SOURCE DATA ->
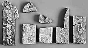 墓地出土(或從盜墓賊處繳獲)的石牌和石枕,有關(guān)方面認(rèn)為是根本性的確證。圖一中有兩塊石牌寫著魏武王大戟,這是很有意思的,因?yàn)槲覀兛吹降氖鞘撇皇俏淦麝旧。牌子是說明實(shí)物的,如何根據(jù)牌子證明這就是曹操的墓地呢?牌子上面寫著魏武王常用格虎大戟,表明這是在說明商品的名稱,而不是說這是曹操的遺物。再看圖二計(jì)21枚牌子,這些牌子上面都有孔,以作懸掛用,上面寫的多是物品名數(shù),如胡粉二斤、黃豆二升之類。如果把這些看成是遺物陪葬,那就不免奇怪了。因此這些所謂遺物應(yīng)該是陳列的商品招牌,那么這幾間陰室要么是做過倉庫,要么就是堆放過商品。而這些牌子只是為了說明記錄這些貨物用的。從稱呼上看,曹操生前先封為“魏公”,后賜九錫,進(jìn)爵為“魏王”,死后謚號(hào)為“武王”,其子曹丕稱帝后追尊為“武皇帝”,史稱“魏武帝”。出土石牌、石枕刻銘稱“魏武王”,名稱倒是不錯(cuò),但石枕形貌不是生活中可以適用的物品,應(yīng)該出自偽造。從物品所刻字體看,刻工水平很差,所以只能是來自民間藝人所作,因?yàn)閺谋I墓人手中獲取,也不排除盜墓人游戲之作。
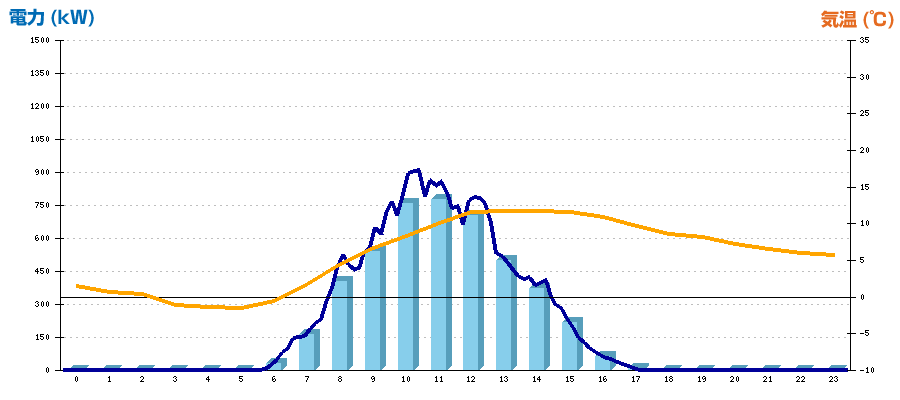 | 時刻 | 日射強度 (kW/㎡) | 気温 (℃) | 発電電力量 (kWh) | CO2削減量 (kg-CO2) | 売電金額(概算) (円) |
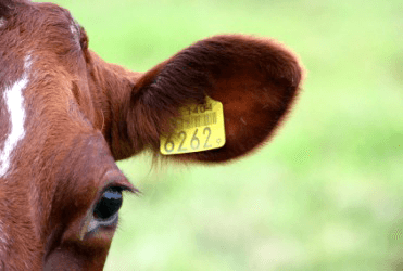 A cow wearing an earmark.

==

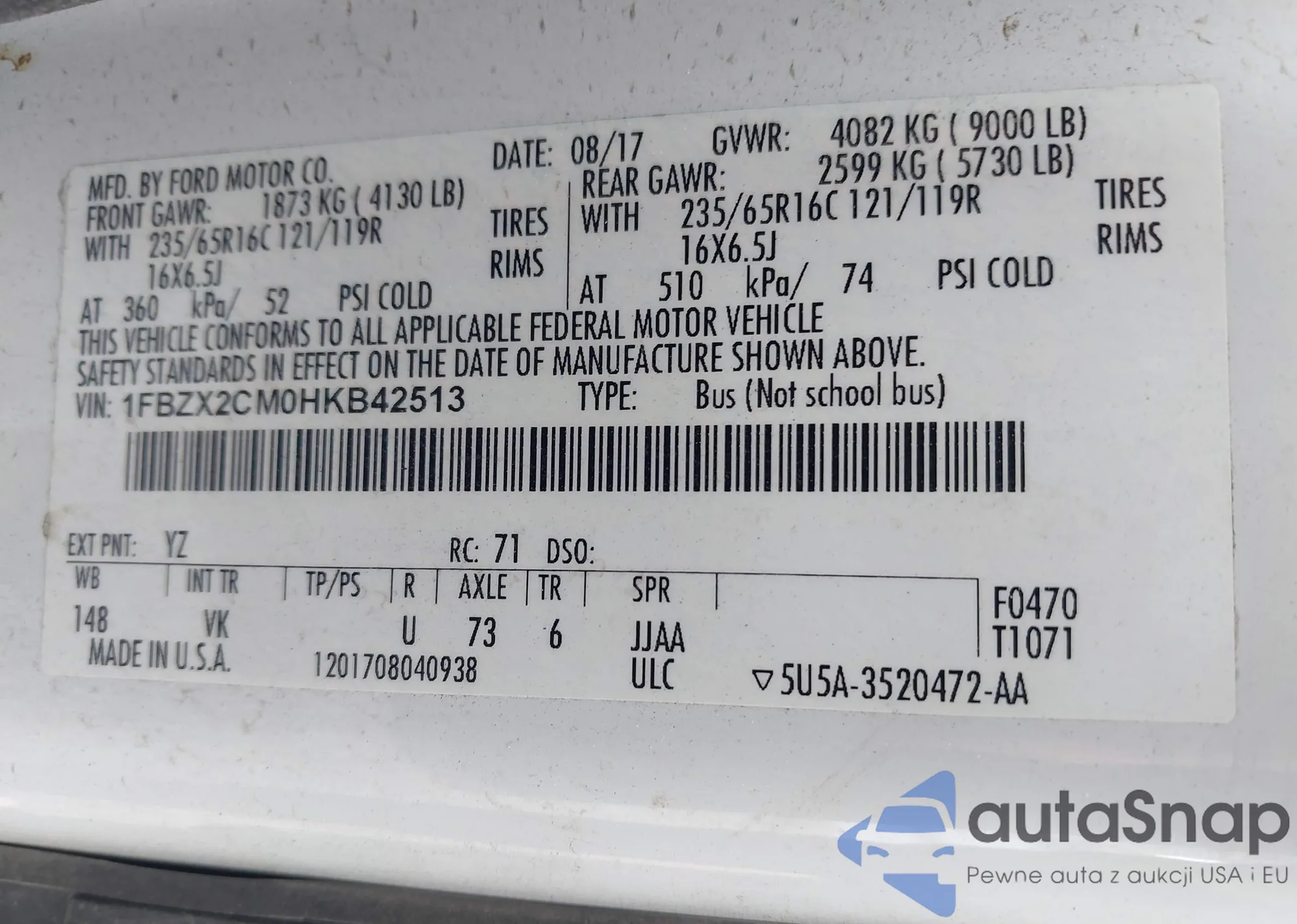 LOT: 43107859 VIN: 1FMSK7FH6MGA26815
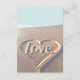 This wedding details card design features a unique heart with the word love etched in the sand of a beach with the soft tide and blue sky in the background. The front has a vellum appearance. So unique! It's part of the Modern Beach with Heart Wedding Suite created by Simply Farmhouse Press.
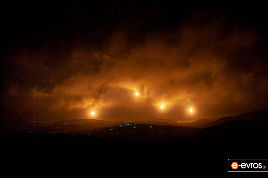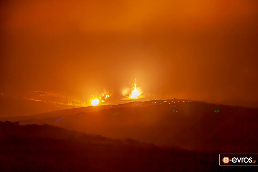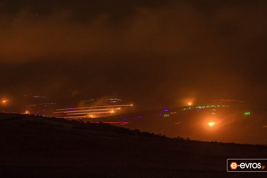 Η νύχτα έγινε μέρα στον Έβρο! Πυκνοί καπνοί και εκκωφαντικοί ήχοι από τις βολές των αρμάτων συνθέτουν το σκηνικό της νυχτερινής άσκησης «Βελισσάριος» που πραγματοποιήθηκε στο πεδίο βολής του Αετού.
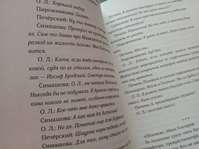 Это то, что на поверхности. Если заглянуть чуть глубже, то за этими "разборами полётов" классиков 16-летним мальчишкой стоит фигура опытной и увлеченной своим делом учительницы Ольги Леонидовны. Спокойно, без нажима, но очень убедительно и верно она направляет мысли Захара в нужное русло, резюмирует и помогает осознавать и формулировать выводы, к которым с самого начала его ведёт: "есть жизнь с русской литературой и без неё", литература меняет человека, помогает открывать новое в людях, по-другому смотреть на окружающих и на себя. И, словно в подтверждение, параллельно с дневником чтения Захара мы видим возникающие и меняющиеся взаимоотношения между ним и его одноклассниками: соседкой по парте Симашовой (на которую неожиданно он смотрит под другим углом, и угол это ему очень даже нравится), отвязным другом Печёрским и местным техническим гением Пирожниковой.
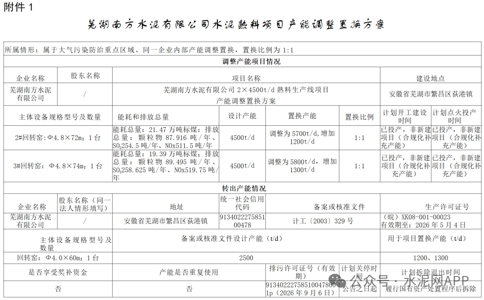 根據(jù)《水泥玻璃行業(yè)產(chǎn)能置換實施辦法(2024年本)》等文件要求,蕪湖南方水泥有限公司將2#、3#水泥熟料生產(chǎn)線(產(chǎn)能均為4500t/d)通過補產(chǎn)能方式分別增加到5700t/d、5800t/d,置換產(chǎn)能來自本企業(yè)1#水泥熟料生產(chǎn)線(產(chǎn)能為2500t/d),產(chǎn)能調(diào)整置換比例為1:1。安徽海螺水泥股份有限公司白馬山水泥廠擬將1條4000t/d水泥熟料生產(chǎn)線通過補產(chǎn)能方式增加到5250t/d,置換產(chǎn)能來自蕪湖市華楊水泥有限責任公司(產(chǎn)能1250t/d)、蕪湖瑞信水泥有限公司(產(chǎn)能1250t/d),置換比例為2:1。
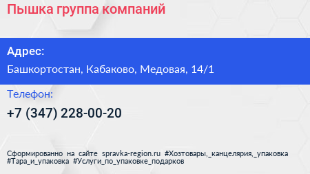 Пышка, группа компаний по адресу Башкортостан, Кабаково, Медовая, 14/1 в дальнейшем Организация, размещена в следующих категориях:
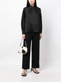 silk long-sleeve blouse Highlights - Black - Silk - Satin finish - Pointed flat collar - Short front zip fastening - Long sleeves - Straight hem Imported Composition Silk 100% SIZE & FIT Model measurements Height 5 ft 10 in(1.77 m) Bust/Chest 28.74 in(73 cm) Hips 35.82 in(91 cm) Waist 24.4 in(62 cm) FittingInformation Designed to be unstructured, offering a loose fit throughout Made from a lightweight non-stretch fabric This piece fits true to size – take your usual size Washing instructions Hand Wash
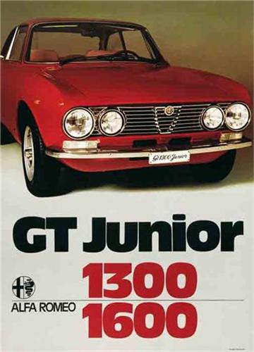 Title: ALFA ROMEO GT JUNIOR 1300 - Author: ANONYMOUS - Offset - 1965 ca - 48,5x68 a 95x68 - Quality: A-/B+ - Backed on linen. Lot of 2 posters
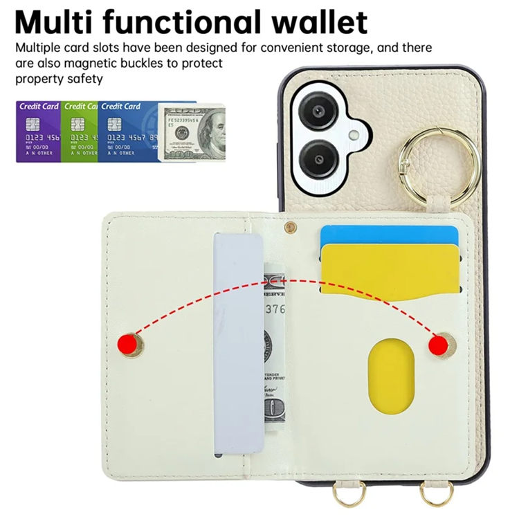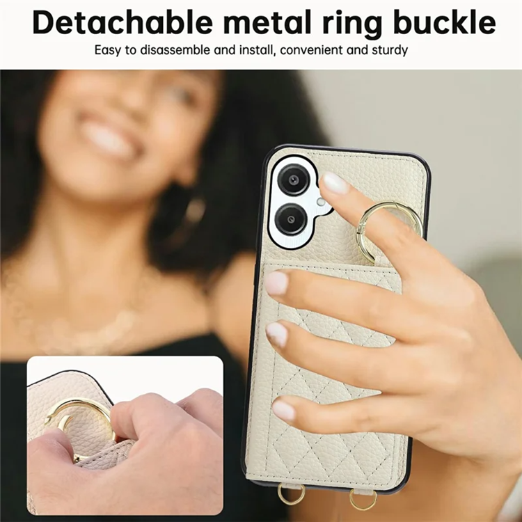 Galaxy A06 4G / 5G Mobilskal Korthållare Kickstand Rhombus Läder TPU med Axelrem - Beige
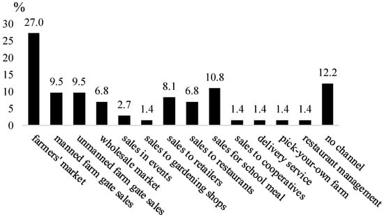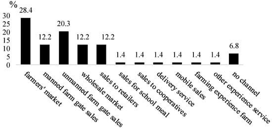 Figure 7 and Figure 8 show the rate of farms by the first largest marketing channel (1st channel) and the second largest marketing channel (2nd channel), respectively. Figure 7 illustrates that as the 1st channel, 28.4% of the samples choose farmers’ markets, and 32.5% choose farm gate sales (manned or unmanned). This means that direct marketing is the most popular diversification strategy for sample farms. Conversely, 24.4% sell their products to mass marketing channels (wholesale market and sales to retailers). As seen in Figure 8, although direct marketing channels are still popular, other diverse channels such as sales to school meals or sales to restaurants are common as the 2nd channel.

---

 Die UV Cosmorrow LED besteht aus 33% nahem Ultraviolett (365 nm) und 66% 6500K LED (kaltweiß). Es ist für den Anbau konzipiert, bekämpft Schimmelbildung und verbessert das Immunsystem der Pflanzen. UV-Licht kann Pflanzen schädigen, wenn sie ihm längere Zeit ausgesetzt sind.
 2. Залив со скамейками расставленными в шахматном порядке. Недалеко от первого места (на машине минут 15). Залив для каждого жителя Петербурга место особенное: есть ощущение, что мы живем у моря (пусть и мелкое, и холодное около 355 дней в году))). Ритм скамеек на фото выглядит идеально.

WORK INSTRUCTION ->
All lines above starting at the one with "Title: ALFA ROMEO" and ending at the one with "Figure 7 and", inclusive, are to be printed again exactly, with the pictures left out.

RESPONSE AREA ->
 Title: ALFA ROMEO GT JUNIOR 1300 - Author: ANONYMOUS - Offset - 1965 ca - 48,5x68 a 95x68 - Quality: A-/B+ - Backed on linen. Lot of 2 posters
 Galaxy A06 4G / 5G Mobilskal Korthållare Kickstand Rhombus Läder TPU med Axelrem - Beige
 Figure 7 and Figure 8 show the rate of farms by the first largest marketing channel (1st channel) and the second largest marketing channel (2nd channel), respectively. Figure 7 illustrates that as the 1st channel, 28.4% of the samples choose farmers’ markets, and 32.5% choose farm gate sales (manned or unmanned). This means that direct marketing is the most popular diversification strategy for sample farms. Conversely, 24.4% sell their products to mass marketing channels (wholesale market and sales to retailers). As seen in Figure 8, although direct marketing channels are still popular, other diverse channels such as sales to school meals or sales to restaurants are common as the 2nd channel.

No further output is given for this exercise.